Non-Control Transaction Clause Samples
A Non-Control Transaction clause defines situations where a change in ownership or transfer of interests does not result in one party gaining control over another. Typically, this clause clarifies that certain transactions—such as the sale of minority shares or transfers that do not confer decision-making authority—are not considered a 'change of control' under the agreement. Its core function is to prevent routine or minor ownership changes from triggering contractual consequences intended only for significant shifts in control, thereby ensuring stability and predictability in business relationships.

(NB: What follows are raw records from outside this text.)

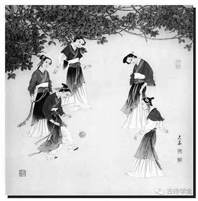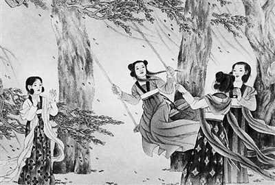 那时,女子们不光出外观赏风景,还参加一些游乐活动,如拔河、荡秋千、蹴鞠等。杜甫的“千里秋千习俗同”,宋代欧阳修的“绿杨楼外出秋千”,黄庭坚“穿花蹴踏秋千索”,写的都是古代千金小姐们荡秋千时的胜景。
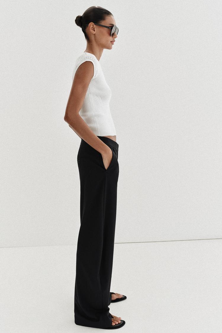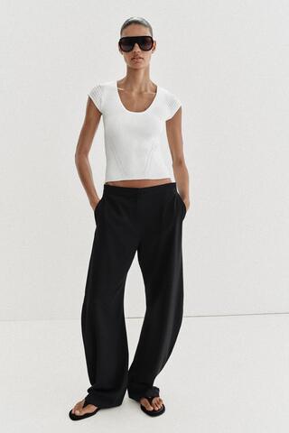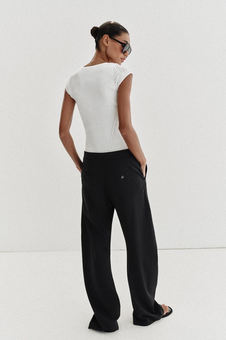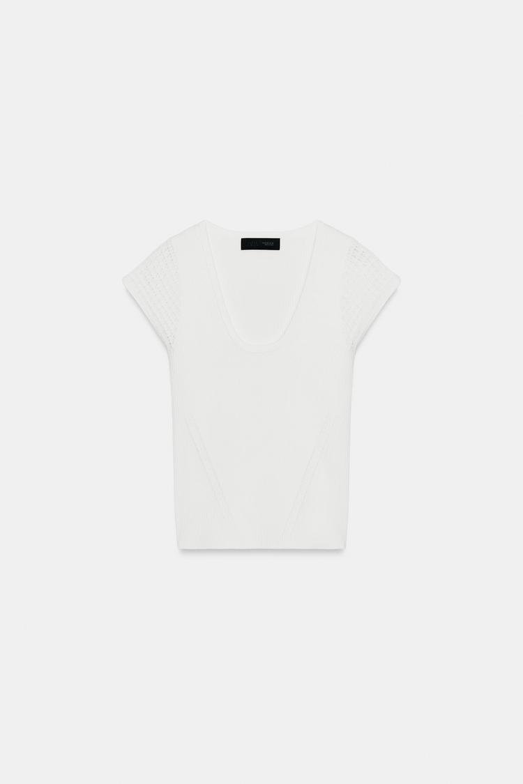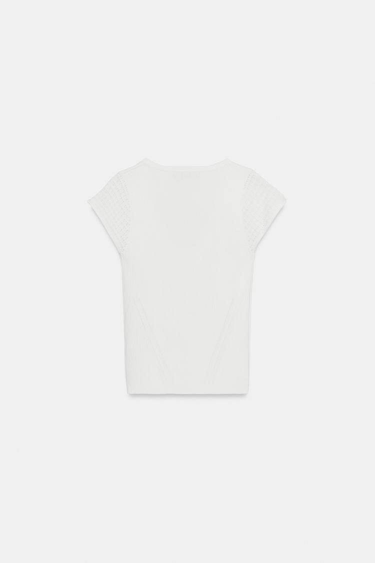 ZARA ТРИКОТАЖНЫЙ ТОП С КОМБИНИРОВАННЫМИ РУКАВАМИ, БЕЛЫЙ
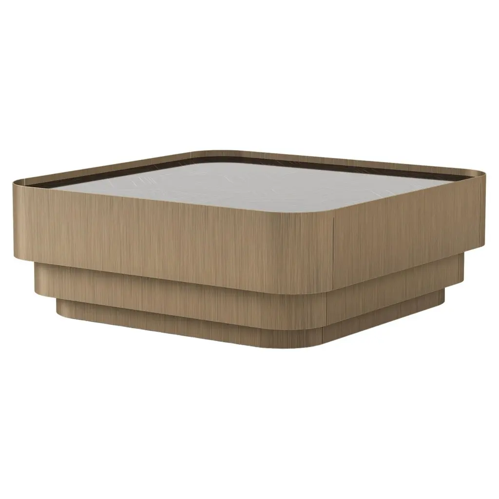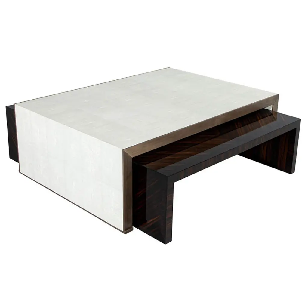 The designs of one of Japan's award winning architects inspired this light grey contemporary Caralyn coffee table. An expert execution of organic geometric style, its natural sculptural form creates its heirloom style aesthetic. Designed for the modern collector.
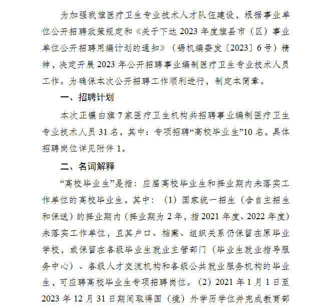 2023年錫林郭勒正鑲白旗公開(kāi)招聘事業(yè)編制醫(yī)療衛(wèi)生專(zhuān)業(yè)技術(shù)人員簡(jiǎn)章

Non-Control Transaction. “Non-Control Transaction” shall mean a merger, consolidation or reorganization of the Company in which: (i) the stockholders of the Company, immediately before such merger, consolidation or reorganization, own, directly or indirectly immediately following such merger, consolidation or reorganization, at least 50% of the combined voting power of the voting securities of the corporation or entity resulting from such merger, consolidation or reorganization (the “Surviving Company”) over which any Person has Beneficial Ownership in substantially the same proportion as their Beneficial Ownership of the Voting Securities immediately before such merger, consolidation or reorganization; (ii) the individuals who were members of the Incumbent Board immediately prior to the execution of the agreement providing for such merger, consolidation or reorganization constitute at least a majority of the members of the board of directors or equivalent body of the Surviving Company; and (iii) no Person (other than the Company, any Subsidiary, any employee benefit plan (or any trust forming a part thereof) maintained by the Company, the Surviving Company or any Person who, immediately prior to such merger, consolidation or reorganization, had Beneficial Ownership of 50% or more of the then outstanding Voting Securities) has Beneficial Ownership of 50% or more of the combined voting power of the Surviving Company’s then outstanding voting securities.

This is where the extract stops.